Und dank Rabus‘ Akribie kann auch die Ausstellung „Von Siegel, Szepter und Talar zur Corporate Identity“ in der Residenz mit der kleinen Sensation aufwarten: Den Besucher erwartet hier eine bisher unbekannte, am 7. August 1894 entstandene Innenansicht des Karzers.
Den Aufenthalt im mit Gedichten, Unterschriften und Karikaturen reich „geschmückten“ Karzer empfand Gelegenheitsreimer Schmidt nicht als Spaß. Vielmehr machte er seinem Ärger über das „unkollegiale“ Verhalten des „Wichts“ Luft: „Ein Wunsch beseelt dabei mal jeden, / dass er niemals mit solch ? / zusammen stößt, der zwar Student / sich nennt, doch keine Rücksicht kennt, / die sonst mal üblich bei Studenten.“ So der „fromme Wunsch“ am Ende des Gedichts.
Der weniger „fromme“ Student Hermann Kraushold verewigte an einer anderen Wand sogar seine „Karzervita“ der Jahre 1859 bis 1862: „19. November-14. Dezember 1862, logierte wegen Duell während dieser Zeit im Gasthaus zur academischen Freiheit. Ferner 11.-25. Juni 1859 in Jena wegen Durchprügeln eines Nachtwächters. 7.-10. Januar 1860 zu Halle wegen lieblichen Gesangs. 14.-16. Juni 1860 zu Jena wegen Fenster eingeworfen, verdächtig, überhaupt verdächtig. 2.-4. Februar 1861 zu Halle wegen lieblichen Nachtgesangs. 22.-27. März 1861 zu Leipzig wegen beabsichtigten Todtschlages. 15.-19. Februar 1862 zu Würzburg wegen Verbrechen der Widersetzung an dem Polizeisoldaten Hoe.“
Auch wenn sich der Komfort des mit zwei Betten, ein paar Stühlen, Wasch- und Schreibtisch und Kanonenofen ziemlich spartanisch ausgestatteten „Kerkers“ in Grenzen hielt – manche Studenten genossen, anders als Schmidt 1883, den Aufenthalt im „Gasthaus zur academischen Freiheit“.
An dessen Wand hatte sich zuvor, anno 1879, ein anderer „Häftling“ weit weniger wehleidig verewigt: „So sitze ich im Carcer hier / Und thue mir mächtig bene / bei gutem Wein und bairisch Bier / und denke: „Das ist scheene“. “ Während der Alkohol problemlos seinen Weg in den Karzer fand, mussten die gelegentlich namentlich verewigten, möglicherweise nur gewünschten Liebschaften der Studenten wie „Gretchen Pirzer“, „Leni Weller“ und eine nachnamenlose „Marie“ sicher draußen bleiben.

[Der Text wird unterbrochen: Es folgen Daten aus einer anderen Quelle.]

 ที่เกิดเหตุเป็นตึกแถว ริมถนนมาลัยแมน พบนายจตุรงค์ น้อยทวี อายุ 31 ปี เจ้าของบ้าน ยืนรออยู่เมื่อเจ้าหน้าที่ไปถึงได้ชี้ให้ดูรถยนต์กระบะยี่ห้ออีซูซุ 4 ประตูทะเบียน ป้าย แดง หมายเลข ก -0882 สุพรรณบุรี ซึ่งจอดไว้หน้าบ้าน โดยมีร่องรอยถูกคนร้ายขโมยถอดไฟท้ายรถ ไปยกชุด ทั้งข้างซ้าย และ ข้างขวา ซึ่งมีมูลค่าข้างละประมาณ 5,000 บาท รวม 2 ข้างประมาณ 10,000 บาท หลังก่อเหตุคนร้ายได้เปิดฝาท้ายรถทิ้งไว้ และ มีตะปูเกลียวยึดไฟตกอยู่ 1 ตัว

Der feuchtfröhliche Zeitvertreib erforderte ab und an nicht nur ein solides Bett, sondern auch eine Toilette. Und so konnte man im Vorraum „in der Nähe des Leibstuhles“ lesen: „Was hier gemacht, wird jeder wissen: Hier wird alltäglich ausge- , / was man des Tags vorher verzehrt. / Gottlob, dass es nicht umgekehrt , / dass wir nicht heute f.essen müssen / was wir des Tags vorher gesch. . . .“ Auch diese derben Verse gehören zur 600-jährigen Geschichte der in jüngster Zeit besonders traditionsbewussten Universität.

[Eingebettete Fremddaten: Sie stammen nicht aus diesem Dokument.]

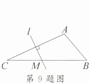 9. 如图,在 $ \triangle ABC $ 中,$ \angle C = 25^{\circ} $,$ AC $ 的垂直平分线 $ l $ 交 $ BC $ 于点 $ M $,$ AB + BM = BC $,则 $ \angle B $ 的度数为(

Die Schau „Von Siegel, Szepter und Talar zur Corporate Identity. Das Erscheinungsbild der Universität Würzburg vom Mittelalter bis heute“ ist bis zum 2. Februar in der Gemäldegalerie des Martin-von-Wagner-Museums in der Residenz zu sehen, der Eintritt ist frei. Geöffnet Di–Sa von 10 bis 13.30 Uhr, außerdem am Sonntag, 20. Januar.